Why Your Own Mind Is the Hardest Case of All

Today, the logical side of the frame problem is largely solved. Researchers working within traditional, symbol‑based artificial intelligence have a variety of workable tools. Yet the wider philosophical puzzles are very much alive. Fodor maintained that human thought is deeply holistic: when you fix your beliefs after an event — or creatively solve a problem — anything you know might become relevant. This phenomenon, sometimes called isotropy, makes it hard to explain how the mind works using only step‑by‑step rules over sentence‑like thoughts.
Some philosophers, including Dreyfus and Michael Wheeler, argue that classical AI and its emphasis on internal representations are the wrong tools entirely. They look to situated robotics and the dynamics of the brain itself, where relevance might arise in a distributed, non‑representational way — not from a list of “if‑then” rules, but from a flexible system that has absorbed thousands of past experiences. Others propose that the brain’s global workspace integrates signals from many specialist processes, letting relevance bubble up from the bottom rather than being dictated from the top.

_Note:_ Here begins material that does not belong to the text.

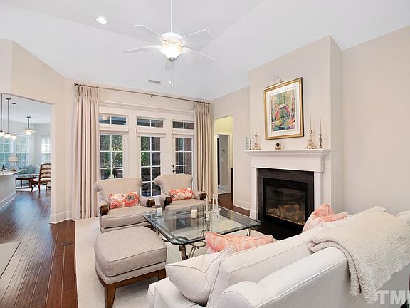 Stunning one level living (plus bonus up) in one of the Triangles most desirable 55+ communities. Conveniently located near Meadowmont with easy access to UNC and I-40, the home features numerous amenities including white cabinets, granite counters, quality composite flooring, 10-ft. ceilings, abundant natural light, and the floorplan is uniquely configured to allow the secondary bedrooms to serve as a guest or in-law private suite. Kitchen open to Dn, Liv & Breakfast Rooms. Home is immaculate!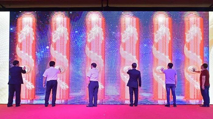 在激昂的乐曲声中,李光林、陈卫东、保明顺、王勇等领导,与客户经理代表和零售户代表,一起上台,共同揭开“玉溪”创牌45周年纪念版产品的神秘面纱,将整个发布会气氛推向高潮。

The frame problem has left a lasting legacy: it reminds us that common sense is an astonishingly deep ability. Every time you pick up your backpack and automatically ignore a thousand nearby facts that didn’t change, you are doing something that no computer program has fully replicated. The problem started with a robot and a teacup, but it ends with a question about your own mind — and that question is still open.
Think about it
- If you had to program a robot to tidy your room, how would you decide which parts of the room are “relevant” after each small action? Where would you start, and what might you end up forgetting?
- Can you think of a time when you suddenly realized that something you had always ignored — a detail, a memory, an object — became important in a new situation? How did your brain make that leap?
- A chess computer can beat a grandmaster, yet it cannot make a reliable cup of tea. What does that gap tell us about the difference between human and machine intelligence?